- [Entries supplied]:

=====

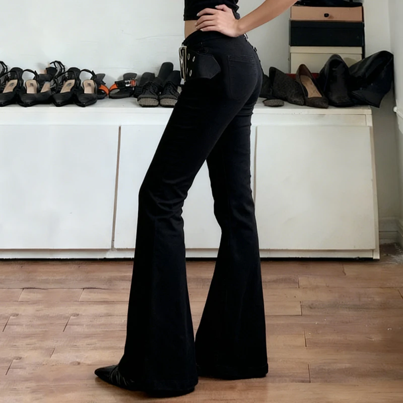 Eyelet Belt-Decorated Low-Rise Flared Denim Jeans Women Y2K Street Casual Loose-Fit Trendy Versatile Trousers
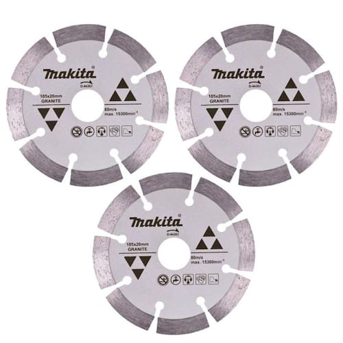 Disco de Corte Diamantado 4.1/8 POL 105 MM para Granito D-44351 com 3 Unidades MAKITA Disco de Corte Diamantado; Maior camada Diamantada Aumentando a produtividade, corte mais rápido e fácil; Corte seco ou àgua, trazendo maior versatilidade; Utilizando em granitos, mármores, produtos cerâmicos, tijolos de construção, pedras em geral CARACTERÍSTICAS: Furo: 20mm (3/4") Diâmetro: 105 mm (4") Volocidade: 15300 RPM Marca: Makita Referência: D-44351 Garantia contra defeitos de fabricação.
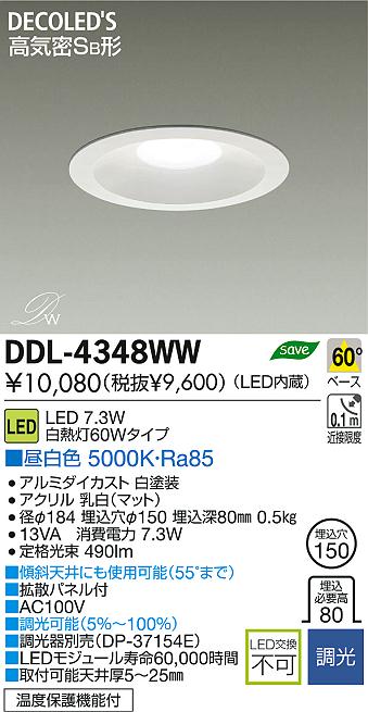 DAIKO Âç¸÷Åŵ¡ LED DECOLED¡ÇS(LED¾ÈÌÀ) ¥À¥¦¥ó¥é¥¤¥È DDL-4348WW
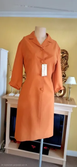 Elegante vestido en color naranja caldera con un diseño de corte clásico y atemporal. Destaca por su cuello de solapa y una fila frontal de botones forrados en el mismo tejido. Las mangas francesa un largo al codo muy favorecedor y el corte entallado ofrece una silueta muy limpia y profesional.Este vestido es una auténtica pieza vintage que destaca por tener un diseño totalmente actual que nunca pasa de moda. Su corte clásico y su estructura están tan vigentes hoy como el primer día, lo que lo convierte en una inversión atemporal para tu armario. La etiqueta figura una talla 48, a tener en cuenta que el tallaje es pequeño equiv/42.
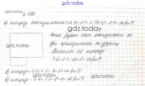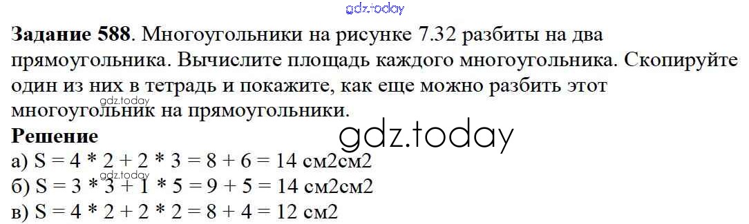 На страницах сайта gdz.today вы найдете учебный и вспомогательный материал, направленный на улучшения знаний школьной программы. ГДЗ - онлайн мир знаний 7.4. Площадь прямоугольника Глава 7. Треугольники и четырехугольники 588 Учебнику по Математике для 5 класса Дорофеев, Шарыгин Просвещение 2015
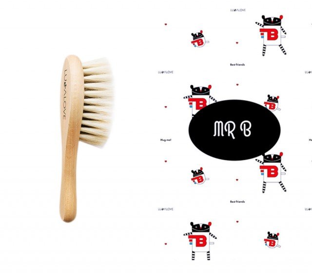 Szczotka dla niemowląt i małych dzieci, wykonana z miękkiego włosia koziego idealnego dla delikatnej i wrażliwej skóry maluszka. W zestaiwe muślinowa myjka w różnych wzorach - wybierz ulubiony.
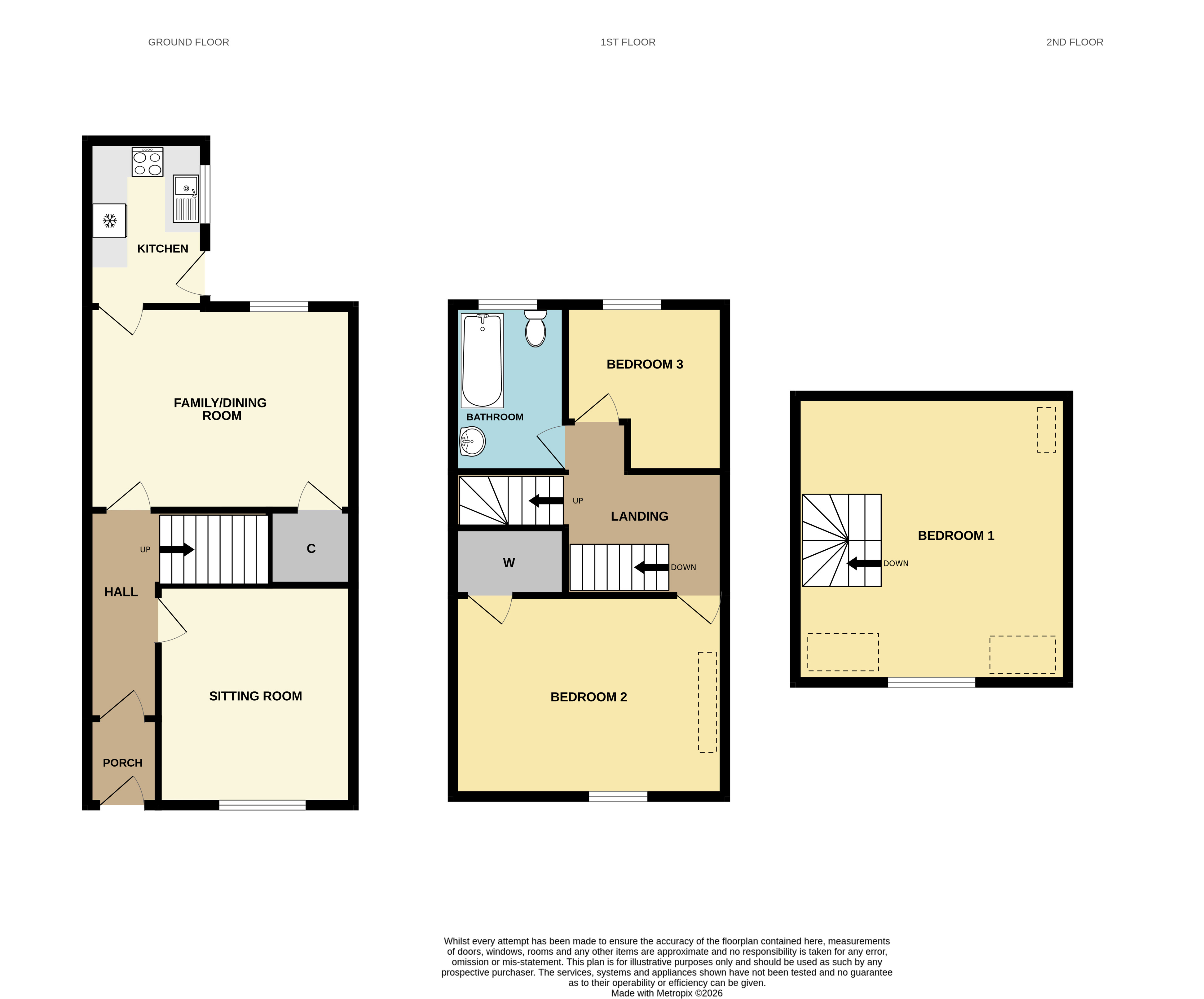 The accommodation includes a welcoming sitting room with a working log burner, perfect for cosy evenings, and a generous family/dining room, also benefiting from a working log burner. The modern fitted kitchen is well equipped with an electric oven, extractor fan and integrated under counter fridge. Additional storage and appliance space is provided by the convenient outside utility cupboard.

=====

- [Task statement]: An exact copy is needed of the stretch above that opens with the line containing "Disco de Corte Diamantado 4.1/8" and closes with the line containing "DAIKO Âç¸÷Åŵ¡ LED"; the pictures are not part of it.

- [Task answer]:
 Disco de Corte Diamantado 4.1/8 POL 105 MM para Granito D-44351 com 3 Unidades MAKITA Disco de Corte Diamantado; Maior camada Diamantada Aumentando a produtividade, corte mais rápido e fácil; Corte seco ou àgua, trazendo maior versatilidade; Utilizando em granitos, mármores, produtos cerâmicos, tijolos de construção, pedras em geral CARACTERÍSTICAS: Furo: 20mm (3/4") Diâmetro: 105 mm (4") Volocidade: 15300 RPM Marca: Makita Referência: D-44351 Garantia contra defeitos de fabricação.
 DAIKO Âç¸÷Åŵ¡ LED DECOLED¡ÇS(LED¾ÈÌÀ) ¥À¥¦¥ó¥é¥¤¥È DDL-4348WW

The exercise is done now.